- Cover of Dramacon vol. 1 (2005), art by Svetlana Chmakova
- Genre: Romantic comedy;
- Author: Svetlana Chmakova
- Publisher: Tokyopop (North America and UK)
- Other publishers Madman Entertainment (Australia) Albin Michel (France) Tokyopop Germany (Germany) Athenaeum 2000/Mangattack (Hungary) Edições Asa (Portugal) Pauna Media Group (Finland) SoftBank Creative (Japan);
- Demographic: Teens
- Original run: 2005–2007
- Volumes: 3

= Dramacon =

Original English-language manga

Dramacon is an original English-language manga written and illustrated by Svetlana Chmakova. It was published in three volumes by Tokyopop from October 11, 2005 to December 11, 2007. Dramacon is considered one of Tokyopop's best OEL manga.

==Plot==
Dramacon focuses on Christie Leroux, a fledgling teenage writer who is debuting her manga with her artist boyfriend, Derek Hollman, at her first anime convention. Christie endures Derek ignoring her along with the culture shock of men in schoolgirl uniforms. During the three-day convention, Christie meets Lida Zeff, a famous manga artist and writer, who gives her advice on improving her manga, and Matt Green, a mysterious sun-glasses wearing cosplayer, whom she develops feelings for. Matt always wears sunglasses to conceal the fact that his eye is missing. Derek witnesses Matt and Christie kissing, and confronts her while drunk. During the argument, he attacks and attempts to rape her; however, she escapes to Matt's room, which leads Derek and Matt to fight. Christie spends her last day with Matt, his sister Sandra, and Greta, a friend of theirs. They have to wait another whole year before they see each other again since Christie is still in high school and lives on the east coast while Matt lives on the west coast and attends college.

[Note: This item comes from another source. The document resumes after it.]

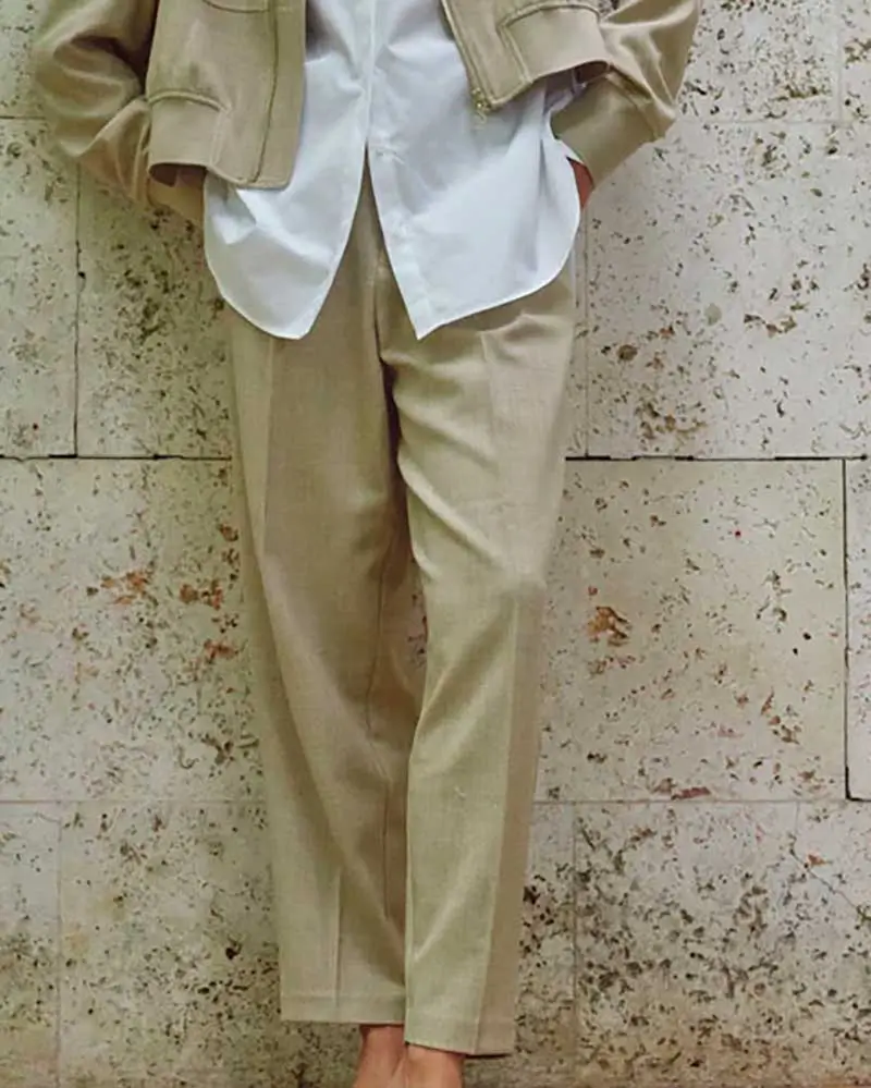 Confeccionados en una suave mezcla de poliéster reciclado, estos pantalones presentan una favorecedora cintura de media a alta y un corte boyfriend relajado con largo corto. La textura jaspeada añade un toque refinado, lo que los hace perfectos tanto para looks elegantes como informales. Combínalos con la chaqueta Flair a juego para un conjunto coordinado sin esfuerzo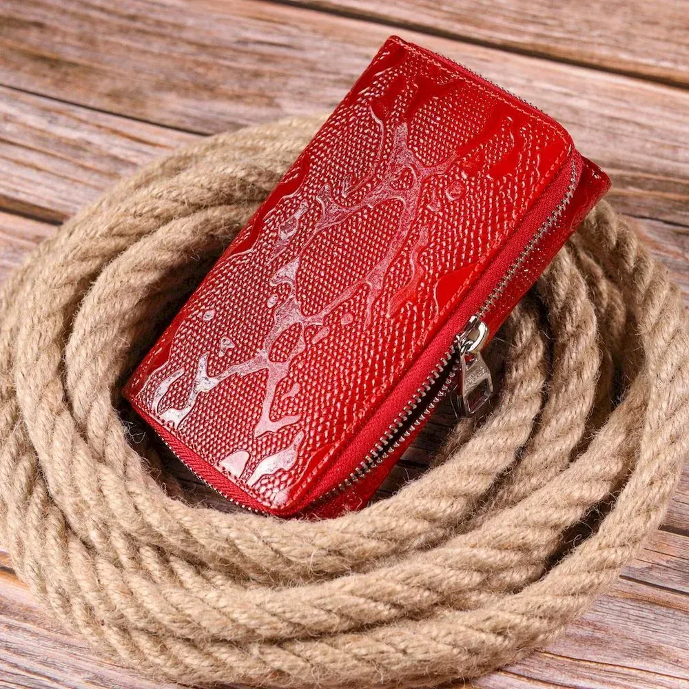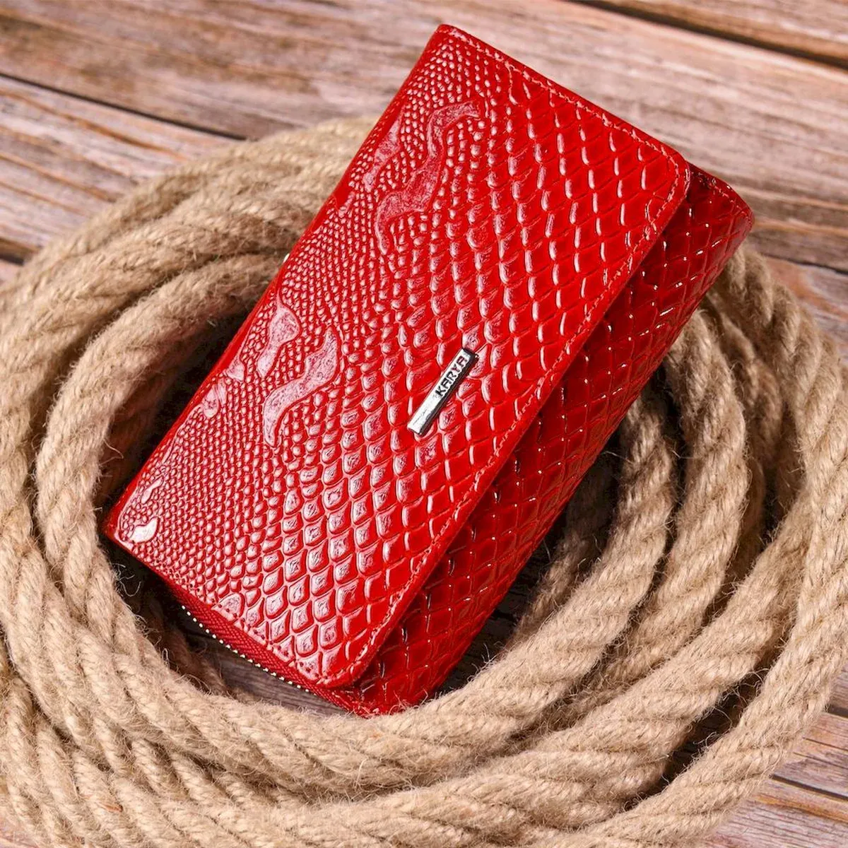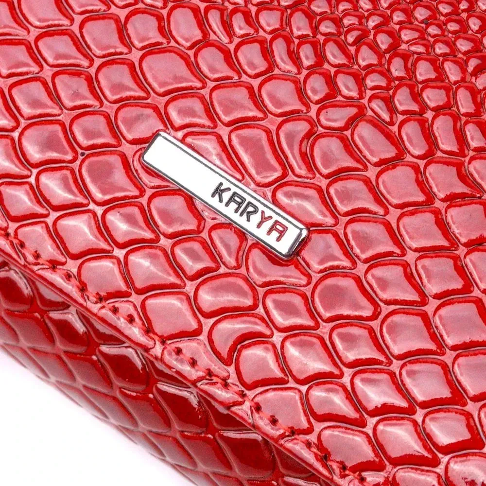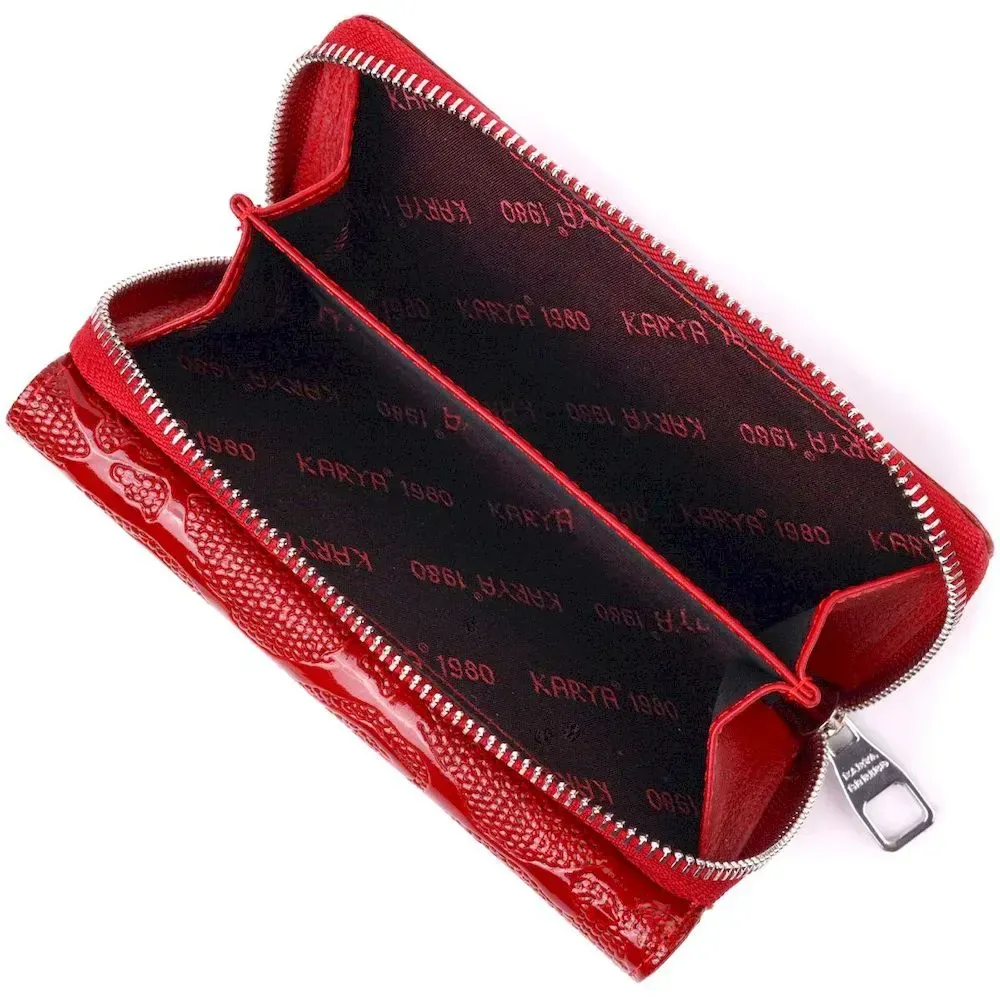 Яркое женское портмоне из лакированной фактурной кожи KARYA 21428 Красный

A year later, Christie returns to the convention with Bethany, a new artist. Christie discovers that Matt now has a girlfriend named Emily. While Christie deals with her feelings for Matt, Bethany faces off with a disgruntled manga purist and is offered a job at Mangapop. Lida Zeff helps the two girls with advice for Bethany about living in a manga publishing world. Emily pulls off Matt's sunglasses in a crowded fast food restaurant after a feud with a bystander, and he is then horrified at the people staring at him, so he runs off. When Christie chases after him, Matt tells her to "piss off". The next day, Christie runs away from him when he tries to apologize, and refuses his kiss. They part without saying good-bye. Bethany and Christie leave the convention with a promise to cosplay the next year and to continue to work hard on their manga.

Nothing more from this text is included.